Jun Qiang, Fanyi Tao, Jie He, Lanyi Sun, Pao Xu, Wenjin Bao

Abstract

Genetically improved farmed tilapia (GIFT, Oreochromis niloticus) are susceptible to infection by Streptococcus iniae when maintained in modern intensive culture systems. GIFT are commercially important fishes that are cultured widely in southern China. The role of microRNAs (miRNAs) in the regulatory response of GIFT to S. iniae infection has been underestimated and has not yet been well studied. Head kidney has an important immune function in teleost fishes. The main aim of this study was to determine the possible function of miRNAs in head kidney of S. iniae-infected GIFT. MiRNAs are small, non-coding RNAs that regulate gene expression by binding to the 3'-untranslated regions of their target mRNAs. MiRNAs are known to regulate immune-regulated signaling and inflammatory response pathways. High-throughput deep sequencing of two libraries (control group [CO] and infected group [IN]) of RNA extracted from GIFT head kidney tissues generated 12,089,630 (CO) and 12,624,975 (IN) clean reads. Bioinformatics analysis identified 1736 and 1729 conserved miRNAs and 164 and 165 novel miRNAs in the CO and IN libraries, respectively.
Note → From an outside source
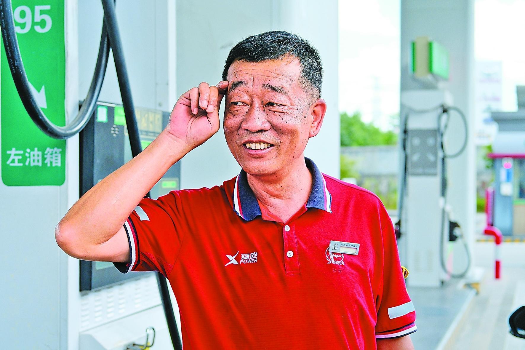 湖南衡阳石油万隆基加能站内,营业员程永忠在营业厅与加油区之间奔跑穿梭。这座站因其特殊的“异形”设计,营业厅与加油区之间相隔一段不短的距离,这对55岁的程永忠来说,无疑是体力与耐力的双重考验。每当顾客呼唤服务时,程永忠总是第一时间响应,汗珠沿着他晒得黑红的脸颊滑落,衣服紧贴在后背上,服务的热情却丝毫没有减弱。(刘芷杉 图/文)

Three miRNAs (miR-310-3p, miR-92, and miR-127) were found to be up-regulated and four miRNAs (miR-92d-3p, miR-375-5p, miR-146-3p, and miR-694) were found to be down-regulated in the S. iniae-infected GIFT. The expressions of these miRNAs were verified by quantitative real-time PCR. RNAhybrid and TargetScan were used to identify complementary miRNA and mRNA target sites, and the Gene Ontology and Kyoto Encyclopedia of Genes and Genomes databases were used to annotate and predict potential downstream regulation of biological pathways. Seven target genes, which encode immune-related proteins (complement C3, cytidine deaminase, regulator of G-protein Rgs22, mitogen-activated protein kinase Mapk1, metabotropic glutamate receptorm GluR8, calcium-sensing receptor CaSR, and microtubule-associated protein Map1S) were predicted to play crucial roles in the GIFT response to S. iniae infection. S. iniae outbreaks have hindered the development of the tilapia industry in China. Understanding the miRNA transcriptome of S. iniae-infected GIFT is important for exploring the immune responses regulated by miRNAs as well as for studying novel regulated networks to prevent and treat S. iniae infections in the future.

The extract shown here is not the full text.